What's Wrong with Coburn's Legislation
Contact Tracing, 'Routine' Testing & Mandates
- "Routine testing" means testing without explicit consent. Anytime someone draws your blood, you can be tested for HIV without your knowledge.
- Voluntary testing means that a patient is already involved in his or her health care, and has options for counseling and treatment. Routine testing does not necessarily take into account the affected person's point of view.
- One of the main reasons for testing and notification is that early treatment can help. But many of those tested with out consent for example, prisoners, and many of the uninsured will not receive treatment.
- Mandatory reporting and contact tracing will force anonymous testing sites to close. But many people report that they would not have been tested if they could not have done so anonymously. And those who test in anonymous sites are more likely to be positive than those who test elsewhere. Many will simply avoid health care.
- Contact tracing isn't easy. Think about the government tracking down your sexual partners.
- And it's expensive. Is the money for this going to come from the tiny and already strained budget for AIDS prevention?
- No other disease is required to be reported by federal mandate.
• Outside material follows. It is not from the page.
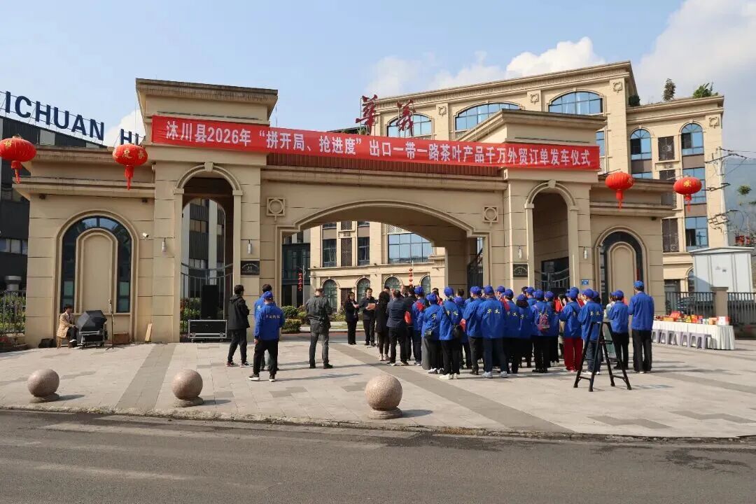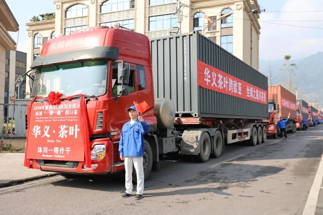 2月27日,沐川縣2026年“拼開局 搶進度”出口“一帶一路”茶葉產品千萬外貿訂單發車儀式在四川華義生物科技有限公司舉行。隨著發車指令下達,10輛滿載“沐川造”茶葉的貨車鳴笛啟程,駛往中亞市場,標志著沐川茶產業在新春伊始成功拿下千萬外貿訂單,實現外貿出口“開門紅”。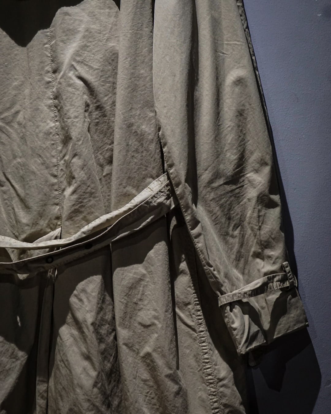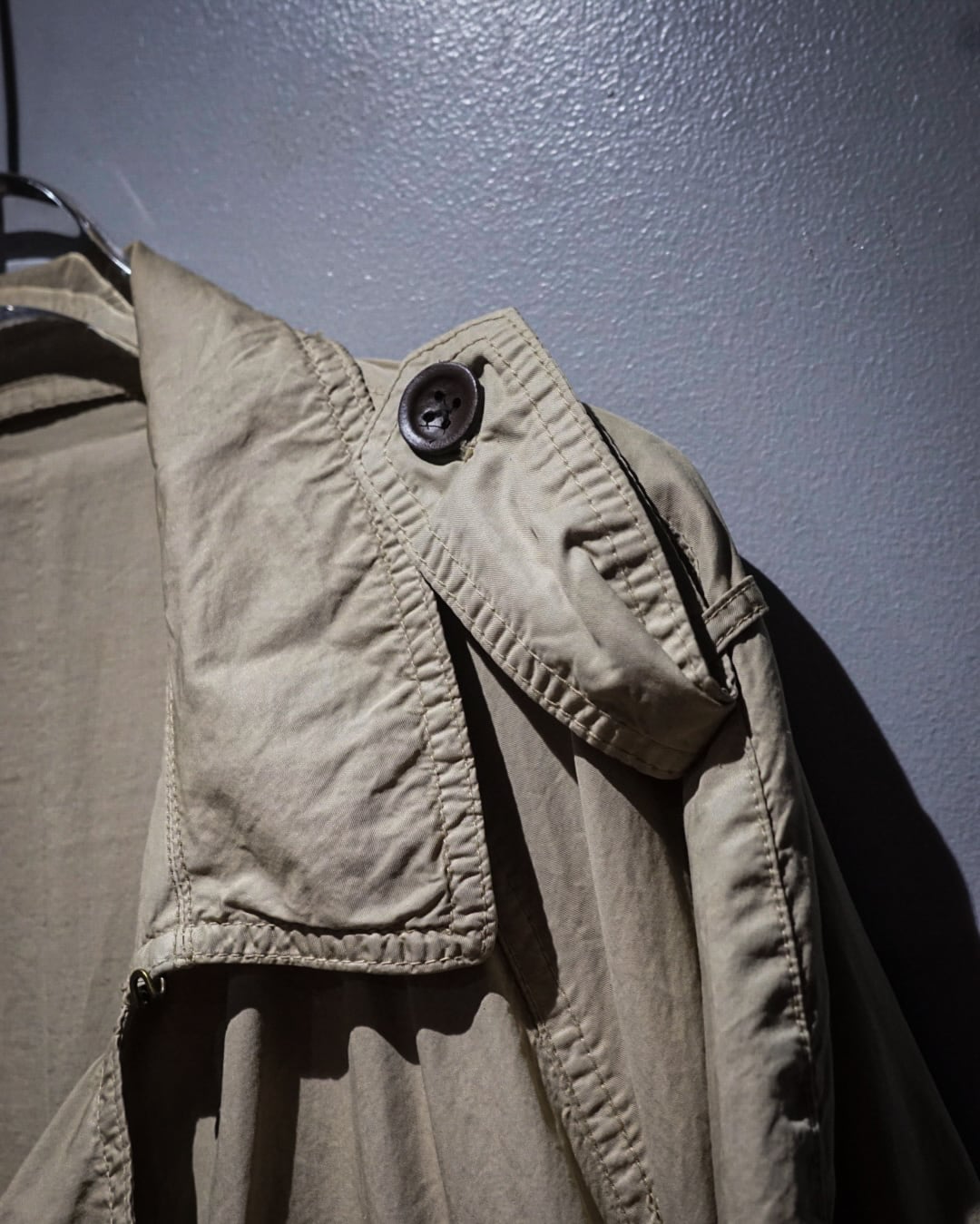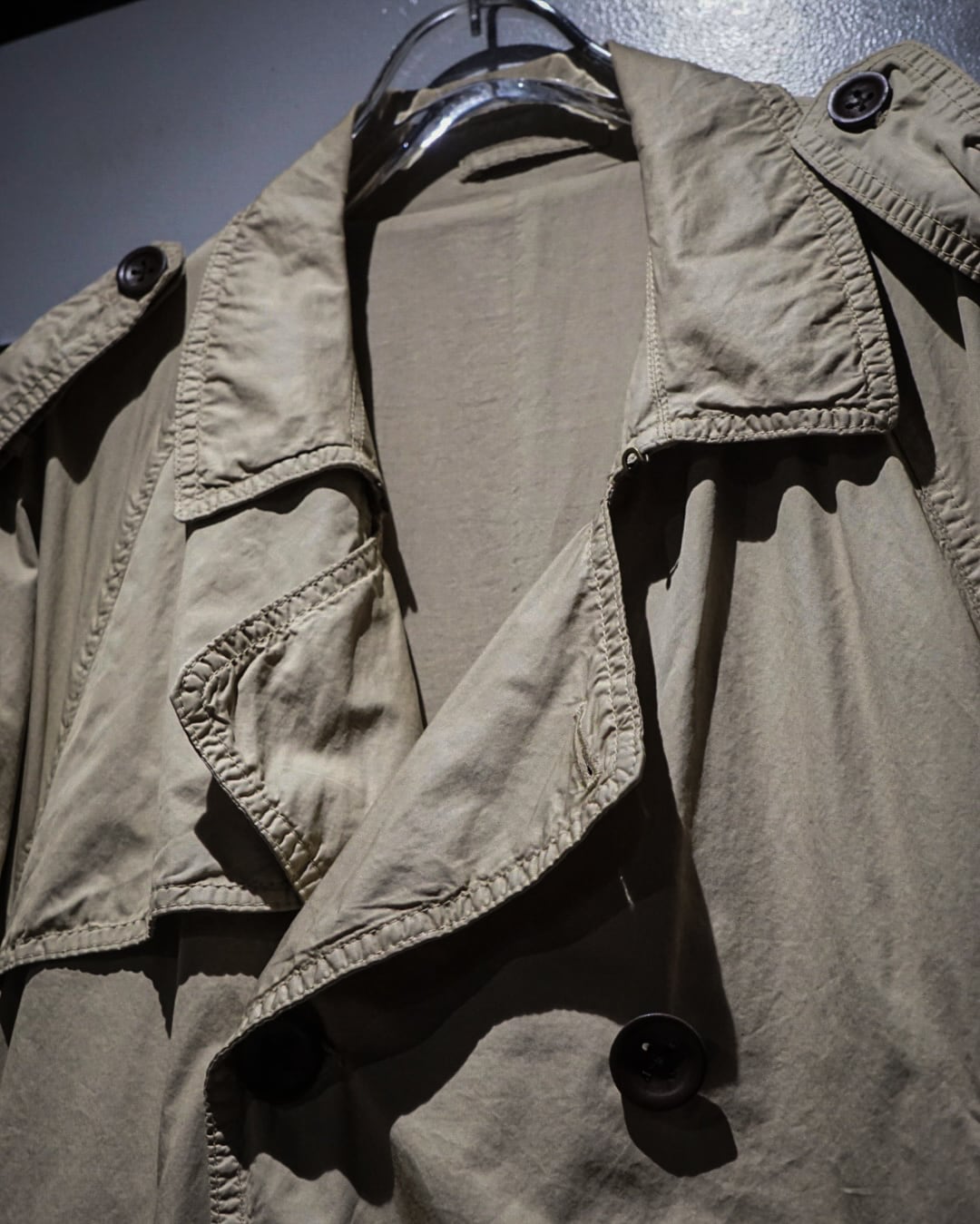 ボディにはマーセライズドコットンを使用し、コットンでありながらほのかな光沢と滑らかな質感を持ち、非常に軽やかな着心地に。無双仕立てによる一枚仕立てのような構造も相まって、トレンチコートでありながら驚くほどライトな仕上がりを見せています。

- States are already free to require notification, and four states have done so: Arkansas, North Carolina, South Carolina, and Oregon. Note that these are not states noted for their care for HIV-positive people.
- Both names reporting and contact tracing have been subject to disturbing abuses around the country.
- The Coburn bill prevents states from tailoring prevention efforts to different communities. Contact tracing and partner notification do not mean the same thing in all contexts.
- It invites a return to the hysteria of the 1980s. Instead of offering resources to the affected people, it merely identifies the HIV positive for surveillance and discipline.
- Because the Cobern Bill withholds Medicaid funding for states that do not comply with its mandates, it could jeopardize health care for people with HIV. (For example, nearly two out of three New Yorkers with HIV depend on Medicaid.)